Hugh Greenwood BAPS Neonatal Surgical Skills Workshop
Course Director Anthony Lander PhD FRCS(Paed) DCH
A team of surgeons from the UK, funded partly from monies donated by a Philanthropist called Hugh Greenwood, have delivered a number of Neonatal Surgical Skills Courses/Workshops principally in Africa.
In December 2017 BAPS ran the first one day Neonatal Surgical Skills Workshop in association with the ASEAN Society of Paediatric Surgeons (ASPS). The workshop was held in Manila and 30 trainees from the Philippines, Indonesia, Malaysia, Vietnam and Thailand attended. The course was hosted at the newly constructed Advanced Surgical Centre in Manila and was supported by Johnson & Johnson.
Content: This is a hands-on one-day surgical skills course in which registrants spend a significant amount of the day operating. The skills we cover include neonatal small bowel anastomoses, open Stamm gastrostomy, neonatal stoma formation, duodenal atresia repair and oesophageal atresia repair. The models use animal tissue.
Small bowel anastomosis: The warm up exercise is an interrupted extra-mucosal anastomosis in a length of porcine small intestine. This is unlike neonatal bowel but has important challenges that develop skills. The layers of the bowel wall are harder to handle than neonatal tissues. This model allows lots of suturing and is an excellent first exercise. Discussions include suture types, placement of sutures, use of assistants, physical properties and the handling of instruments. The exercise also allowed registrants to relax and get to know faculty and other surgeons.
Figure 1. An anastomosis in a loop of porcine bowel.
Stamm gastrostomy: An open gastrostomy can be performed in a porcine bladder acting as a stomach. This has proved a useful exercise and is not always as easy as some think.
Figure 2. Two purse strings in a Stamm gastrostomy in a porcine bladder.
Stoma formation: This exercise uses chicken intestine inside a neonatal abdomen made from a porcine bladder. This is an excellent model for stoma formation as shown below.
Figure 3. A porcine bladder is used for an abdomen with chicken intestine inside. A double barrel stoma is illustrated.
If the porcine bladders are large enough the bladder used for the gastrostomy can be reused as an abdomen for the fashioning of various types of stoma. Importantly, this model requires minimal preparation yet allows lots of teaching.
Duodenal atresia: This model has been used on a number of courses with success. The model sits on a supportive jig with a loop of porcine intestine for the proximal duodenum and a length of chicken intestine for the distal duodenum. A diamond anastomosis is fashioned. Porcine ureter can be used for the distal duodenum. The models are prepared in advance and stored in a fridge.

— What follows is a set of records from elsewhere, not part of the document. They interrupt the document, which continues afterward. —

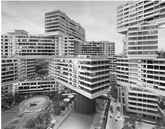
Fig. 3. Interlace Quarter in Singapore [21]
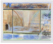
The Cinematic Vermouth
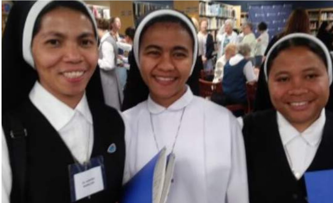
Commuter Students, SDV - Sisters of Divine Vocation, and FSSE - Franciscan Sisters of St. Elizabeth attend Orientation.
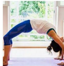
YogaGlo Is the Only Yoga A... self.com

Figure 4. Pig intestine used for a proximal duodenum and chicken intestine for the distal duodenum. Left: incisions. Middle: a completed diamond anastomosis. Right: An anastomosis opened for inspection.
Oesophageal atresia: An opaque paper cup is used as a thorax with a pre-prepared thoracotomy window.
Figure 5. Paper cups used for a neonatal thorax with thoracotomy access.
The upper oesophagus is either pig urethra or chicken intestine. The trachea and fistula can be constructed from part of the bladder and ureter from a pig, or from the ileocoloc region of the chick with its paired caeca.
Figure 6. Left: OA TOF seen through a thoracotomy. Middle: piecemeal division of fistula. Right: separation of common wall between oesophageal upper pouch and trachea.
Figure 7. Left: Posterior sutures in place. Right: Transanastomotic tube passed before front wall sutures.